While the list of potential subplots is far too long to fit into a single issue, the current issue has begun to fill this coverage gap. Three review articles and one research manuscript tackle the subject of PPAR target genes. First is a comprehensive review of PPARα target genes by Rakhshandehroo et al. Although the primary focus of their review is hepatic targets, many of the discussed features are applicable to the physiology of PPARα in other tissues. Next, Bugge and Mandrup review two complementary aspects of PPARγ-regulated genes. The first concerns the role of the N-terminal ligand-independent activation domain, also known as the A/B or AF-1 domain, in determining PPAR subtype specificity and in modulating target activation in adipocytes. The second focuses on recent insights into genomewide PPARγ actions in adipocytes and macrophages gained from chromatin immunoprecipitation studies. In the third review, Costa et al. discuss population-wide sequence variations of PPARγ and their potential impact on target gene expression, and review the application of massive parallel sequencing for the identification of PPARγ cistromes (the collection of genomic sequences bound by PPARγ) and transcriptomes. In the second section of this issue, the research article by Le Bouter et al. analyzes gene expression changes in adipose tissue, liver, and muscle of leptin receptor deficient diabetic obese mice treated with the PPARγ agonist and insulin sensitizer rosiglitazone, in order to establish the molecular basis of its therapeutic physiological effects.
Two papers by Viswakarma et al. and Pyper et al., one a review and the other a research manuscript, concern transcription cofactors of PPARs. Their thorough review summarizes no less than twelve types of PPAR coactivators, which, ironically, do not account for the fullest gamut of known PPAR coactivators. Nothing is better to illustrate the complexity of this ever-growing subplot than this group’s accompanying research article, which describes the identification and initial characterization of yet a new PPAR coactivator, a subunit of the mediator complex termed PRIC295.
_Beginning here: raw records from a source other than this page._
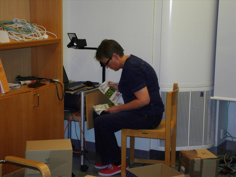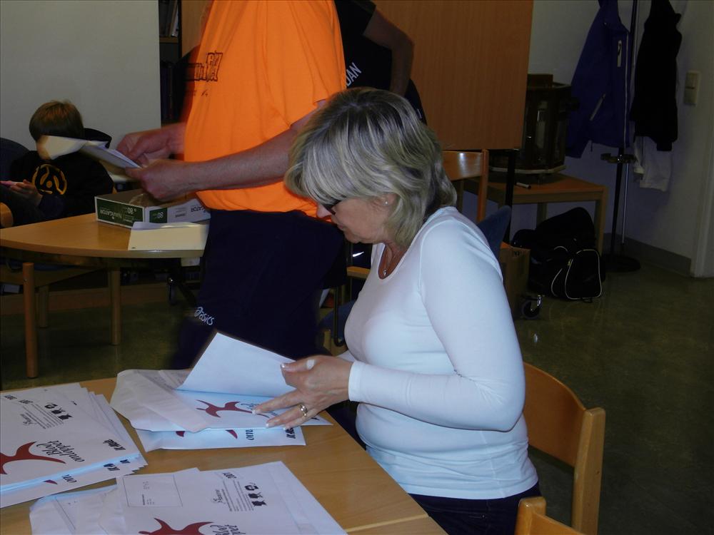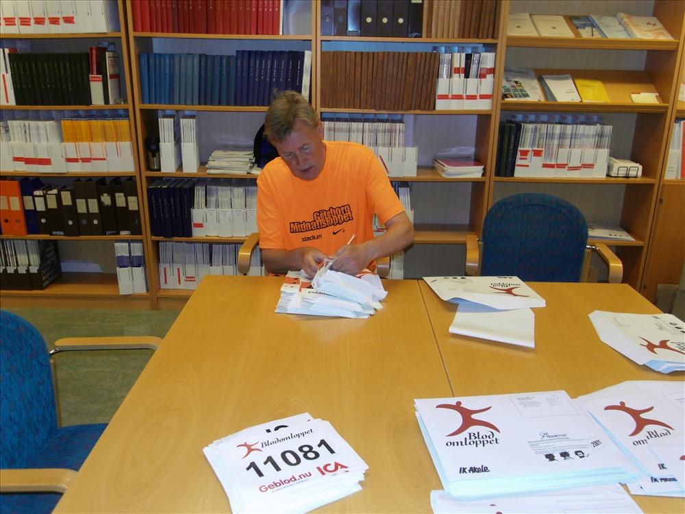 Torsdagen 17 och fredagen den 18 maj har ca 12 300 nummerlappar hamnat i kuvert tillsammans med säkerhetsnålar, PM och intressant reklam. Två dagars intensivt slit från klockan 8.00 till 14.00, med två olika gäng och totalt 28 deltagare.
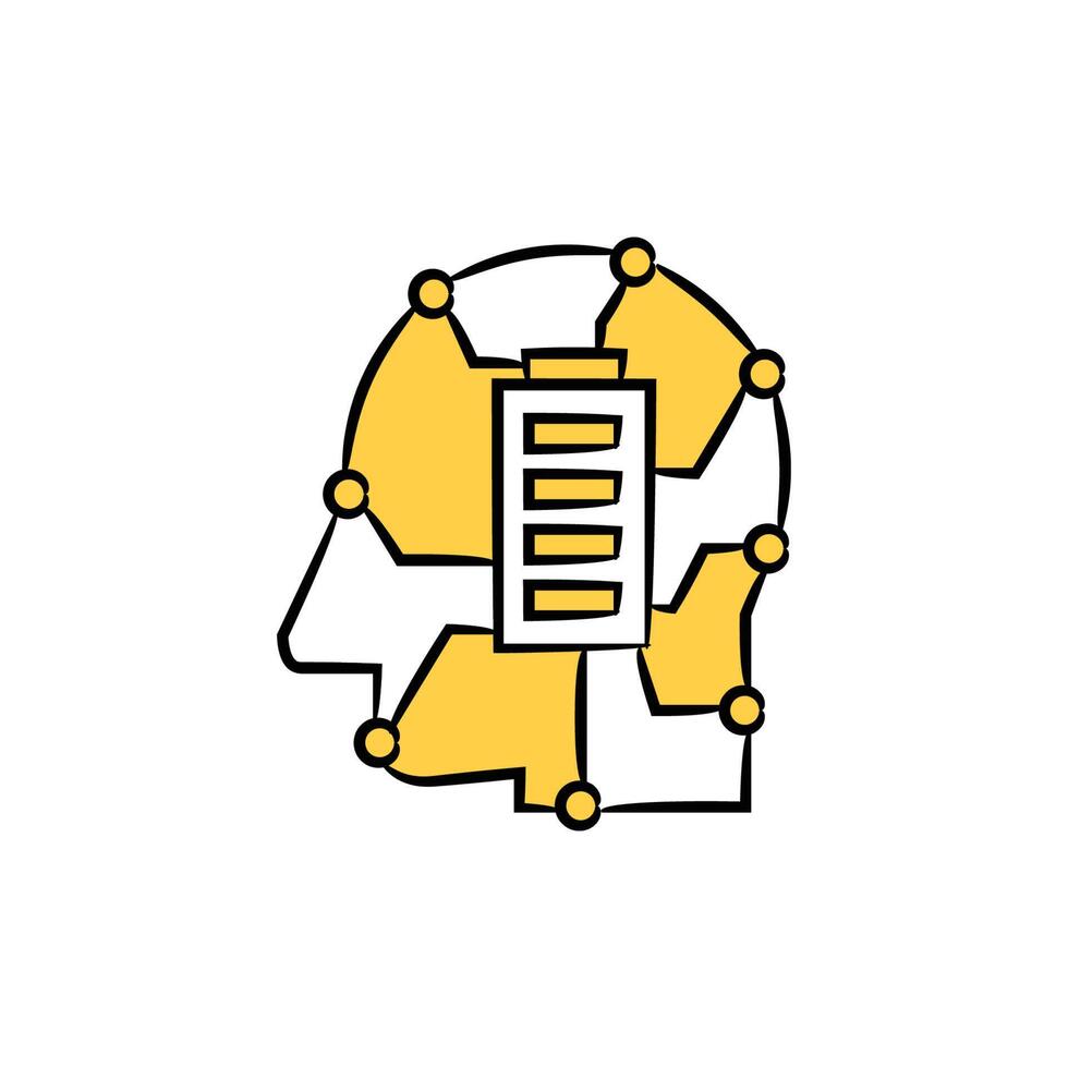robot brain with a battery in it Pro Vector
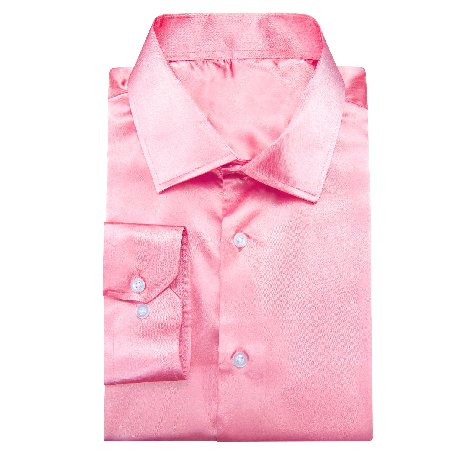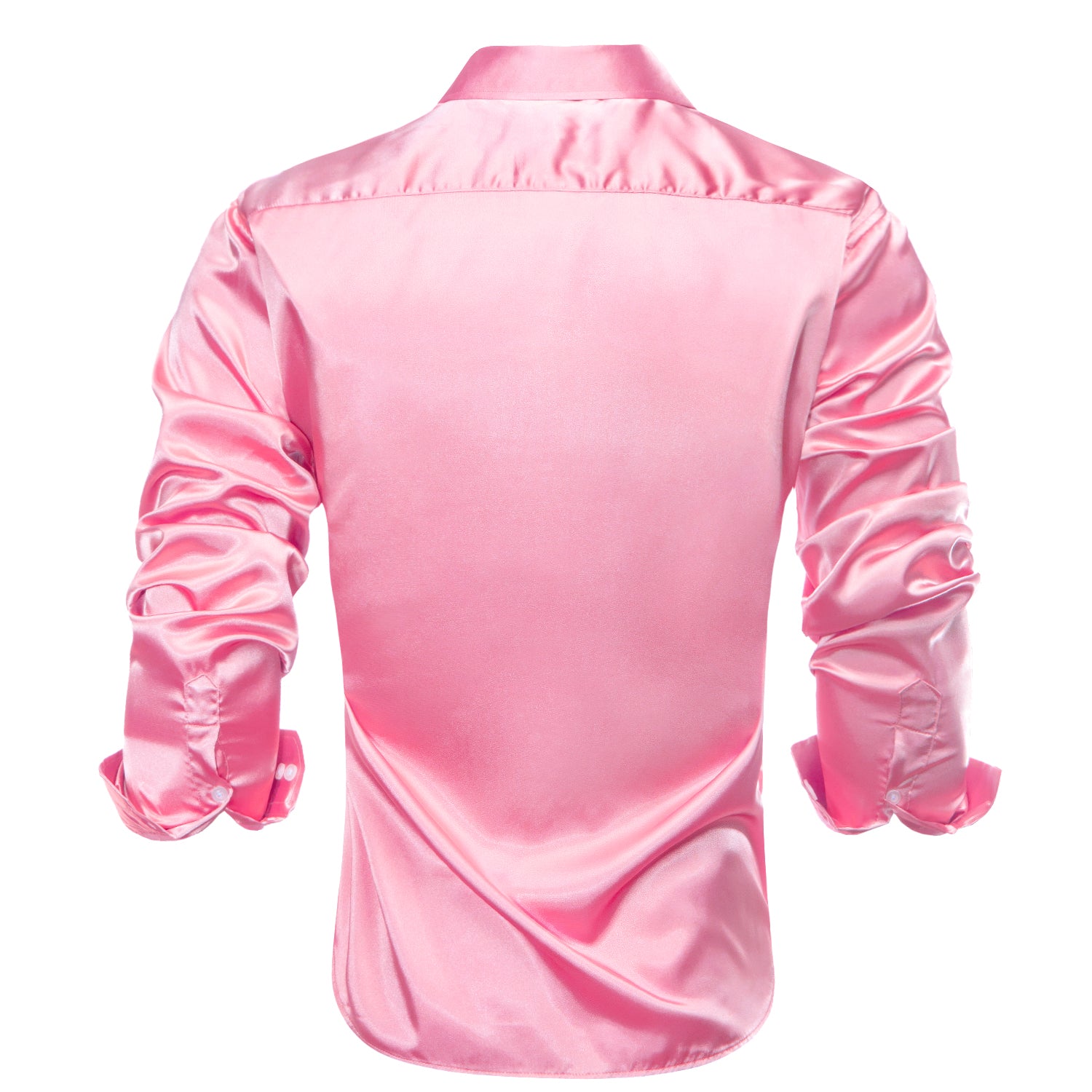 Pink Solid Satin Men's Long Sleeve Dress Shirt

In the course of executing their physiological roles, PPARs are both regulated by and intersect with diverse signaling pathways. Three review articles touch on three of these many types of interactions. Charoensuksai and Xu review the effects of circadian signaling on the expression and activities of PPARs, Moreno et al. summarize the interactions between nutrient signaling and PPARs, whereas Takada et al. expand on the interaction of PPARγ with downstream effectors of cytokine and Wnt signaling in mesenchymal stem cells.
While this volume is a solid start, it did not go the full distance and many of the molecular bases of PPAR function remain to be reviewed. Some topics, such as the structure-function relationships of PPARs or their posttranslational regulation won no coverage in this issue. Among the touched upon topics, some additional reviews are crucial for rounding out the coverage, such as target genes of PPARβ/δ or additional signaling crosstalk of PPARs. And so, it would be great to see a fresh team of guest editors pick the topic up where we left off and cover the next expanse of this literature gap.